If there were only two duplicate agents, we could use the revised name as hostname-DUP1. When this completes – one of the two agents will have the old name and one will have a hostname with the characters -DUP1 appended. Thus there will be two different agent names and the duplicate agent name issue is resolved. More work is needed, of course.

Any agent should be integrated into the ITM environment. Every agent is added to a system generated Managed System List like *NT_SYSTEM. The agent name may also have been added to custom Managed System Lists. Finally the agent name may have been added to the direct distribution of some situations. There are also uses of Situation Group direct distribution which is awaiting development [a test case is needed!]

To complete the work the user must

1) Rename the hostname-DUPn agent appropriately.
2) Add the new agent to any custom Managed System Lists where the old agent was used.
3) Add the new agent to the distribution of any situations where the old agent was used.
4) Determine out why it happened and change processes so it doesn’t happen again.

The integration gets a little more lengthy if, say you had 151 duplicate OS Agents. However the benefit is immediate: You get some monitoring going on – which is better than none. You can make all the subsequent changes remotely – for these cases anyway. They may be cases where manual configuration is needed.

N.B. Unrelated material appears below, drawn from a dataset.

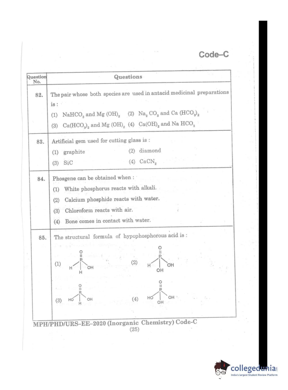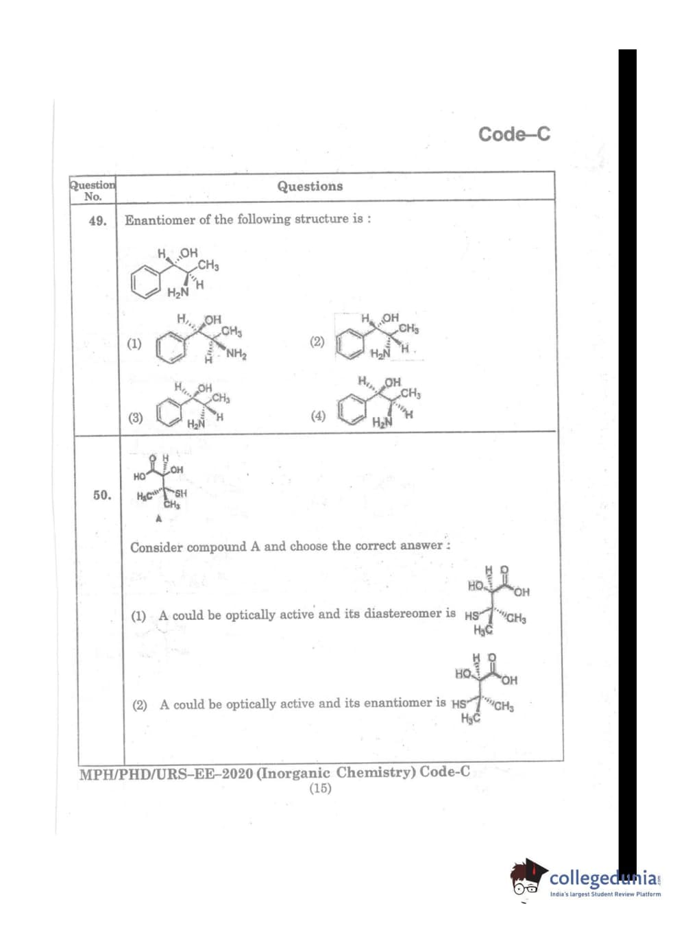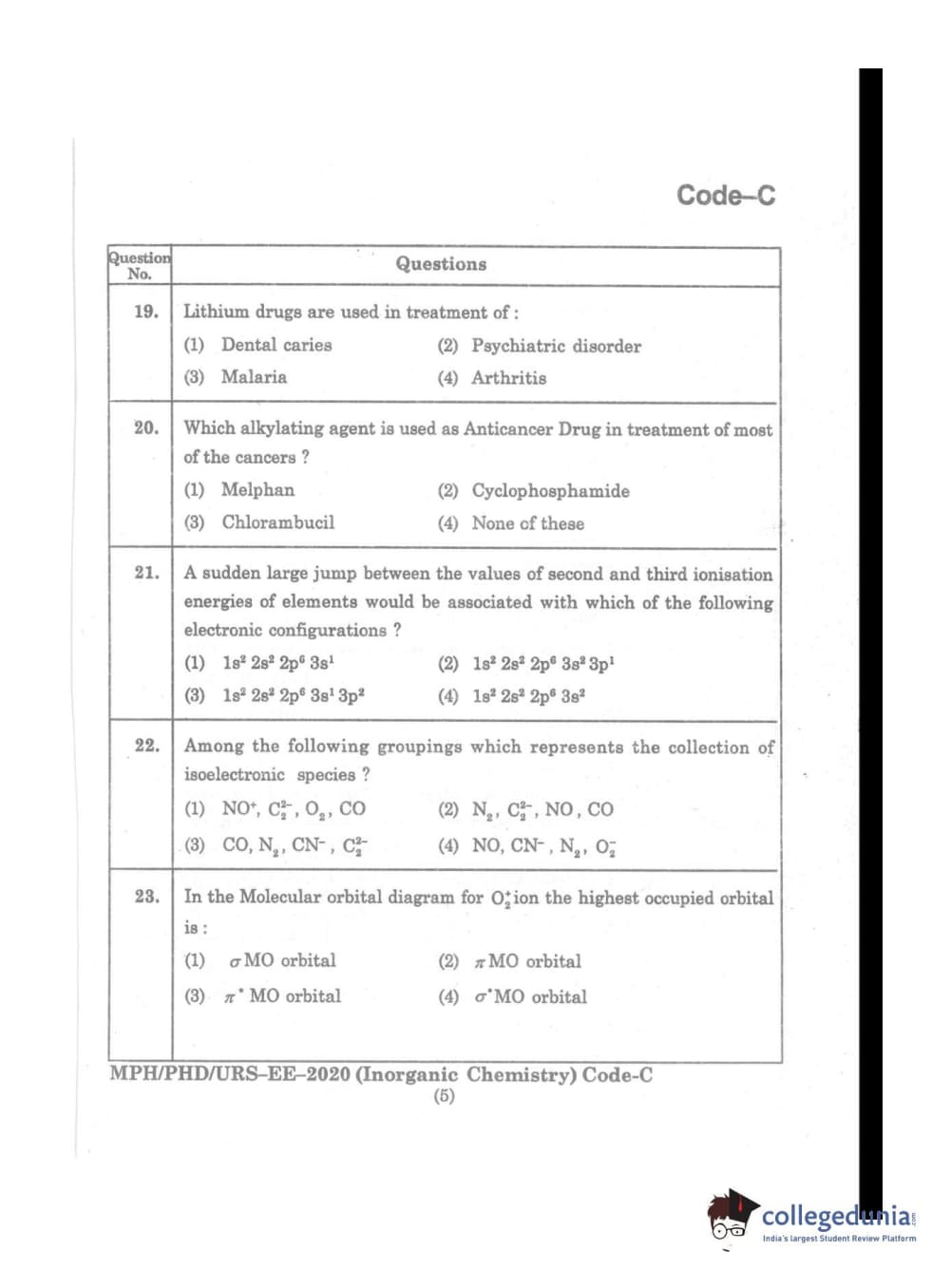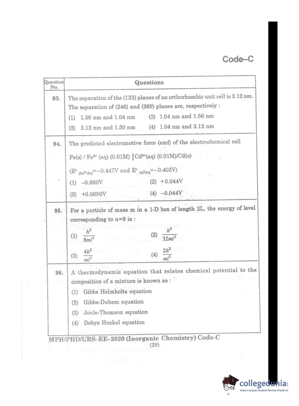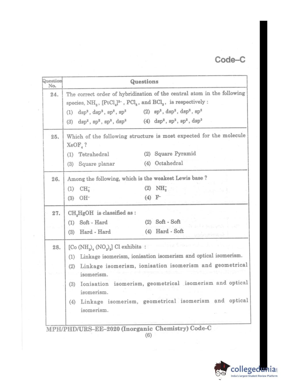 | MDUCEE 2020 Ph.D./URS Chemistry Set C Question Paper PDF | MDUCEE 2020 Ph.D./URS Chemistry Set C Answer Key PDF |

You may also have some cleanup work to do. One customer with two sets of 100+ agents with same name found that the automation partially failed. Some of the attempted changes were rejected because the agent was *OFFLINE. However many changes were successful and the manual work was seriously reduced. You could also repeat the automation process after the first wave of cleanup.

Package Installation

The package is dup2do.0.61000 and contains the dup2do.pl Perl program and a dup2do.cmd for Windows usage.

If this will be run on a Linux/Unix system, Perl is almost always installed in the system. If this will be run on a Windows system, you will have to install a Perl. My current choice is Strawberry Perl.

http://strawberryperl.com/

It is good quality without serious license restrictions. Of course if it will be used on a company system, you will likely want to contact your manager and check with legal.

DUP2DO Process

[dup2do stands for Duplication work to do]

This project uses files created by three other Sitworld projects.

Sitworld: TEMS Audit Process and Tool

The first step is to review the TEMS Audit report file  to see if duplicate agents have been identified. Here is a small extract of a good example:

TEMSREPORT082: Agent Flipping Report - Multiple Systems
Count,Agent,Hostaddrs, 
2,ibm_au_winatca5820:NT,ip.spipe:#9.13.192.26[REMOTE_AUULDPLITM020] ip.spipe:#10.114.95.68[REMOTE_AUBHDPLITM030],
2,ibm_id_cgkdcplesb01a:LZ,ip.spipe:#9.132.101.100[REMOTE_cgkibplitm010] ip.spipe:#10.132.187.63[REMOTE_cgkibplitm010],
2,ibm_id_cgkdcqwcom02:NT,ip.spipe:#9.132.101.30[REMOTE_cgkibplitm020] ip.spipe:#10.132.101.103[REMOTE_cgkibplitm010],
This involves three agent names that are reporting from two different systems each. You see a count, the agent name, the protocol/system and remote TEMS involved.

Use a new recent copy of TEMS Audit 2.25000 or later. Rerun it on your hub TEMS logs directory

perl temsaud.pl -v -logpath /opt/IBM/ITM/logs  -dup

This will produce a file dedup.csv for dup2do. Here is an extract from the same source.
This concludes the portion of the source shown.